Ce lundi, environ 300 personnes se sont rassemblées devant le palais de justice de Besançon, tandis qu'une autre manifestation a eu lieu à Vesoul avec environ 150 participants, y compris des enfants. Ces manifestations font suite à la tragique disparition de Lyhanna, une jeune fille de 11 ans dans le Gers, survenue la semaine dernière.
Les slogans tels que "Lyhanna, plus jamais ça !" ont résonné à Besançon où des pancartes dénonçant les "dysfonctionnements de la justice" ont été brandies. De nombreux jeunes ont également participé à ce mouvement de solidarité.
À Vesoul, les participants, certains accompagnés de leurs enfants, exhibaient des messages tels que "Protégeons nos enfants" et "Stop à la lenteur judiciaire". Cette mobilisation a vu la participation de syndicalistes et de bénévoles d’associations féministes, renforçant ainsi l'appel à une action collective face aux violences faites aux mineurs.

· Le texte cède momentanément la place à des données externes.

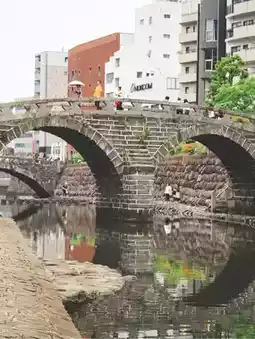 Spectacle Bridge is the first stone arch bridge in Japan and is famous for its reflection that forms the shape of glasses when the weather is good. Spectacle Bridge has been the filming location for many Japanese animations and is also a landmark of Nagasaki.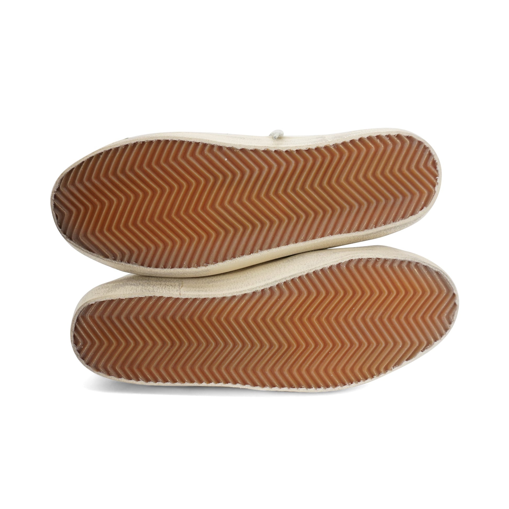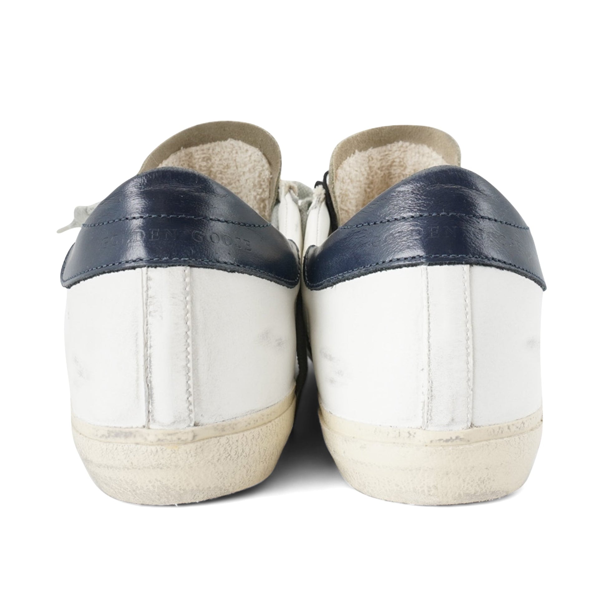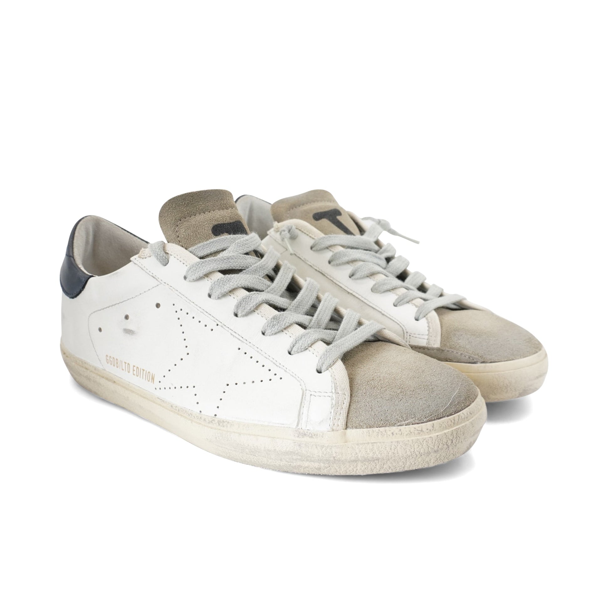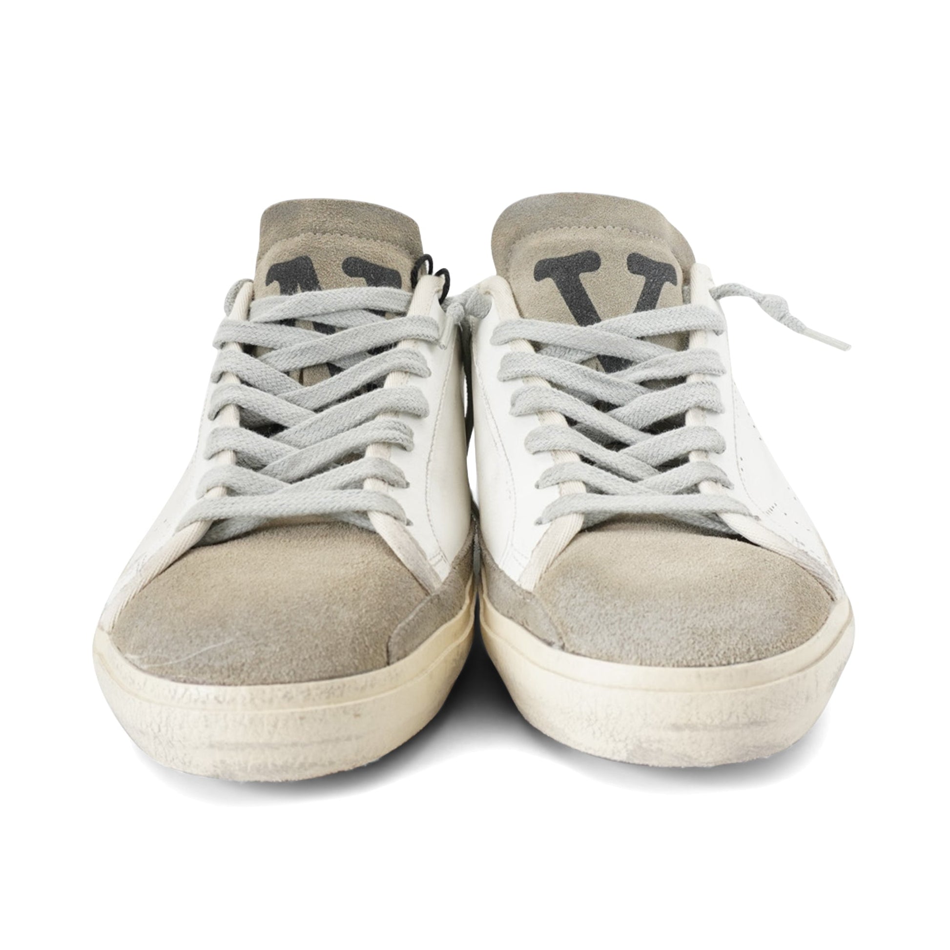 Golden Goose 'Super Star' low top sneakers in pre-distressed white leather and grey suede with navy leather heel tab and perforated star.

Les revendications ici sont claires : une loi intégrale contre les violences sexuelles. Des organisations comme l'intersyndicale féministe du Doubs Solidaires-FSU-CGT Éducation et l'association Mouv'Enfants, se battent pour faire entendre leurs voix. Ce n'est pas la première fois que ces groupes se mobilisent ; récemment, ils ont réussi à récolter plus de 160 000 signatures pour une pétition en faveur d'une législation protectrice des enfants.
Une représentante de l’association Mouv'Enfants a déclaré : "Il est impératif que des mesures concrètes soient prises pour protéger nos enfants et garantir leur sécurité." Cette voix est soutenue par de nombreuses autres qui souhaitent que des changements significatifs soient apportés à la législation.
La tristesse et la colère ressenties par les manifestants illustrent bien l'urgence d'agir et de ne plus laisser de tels drames se produire sans réponse. À travers cette mobilisation, ils espèrent également apporter une conscience collective sur ces enjeux cruciaux.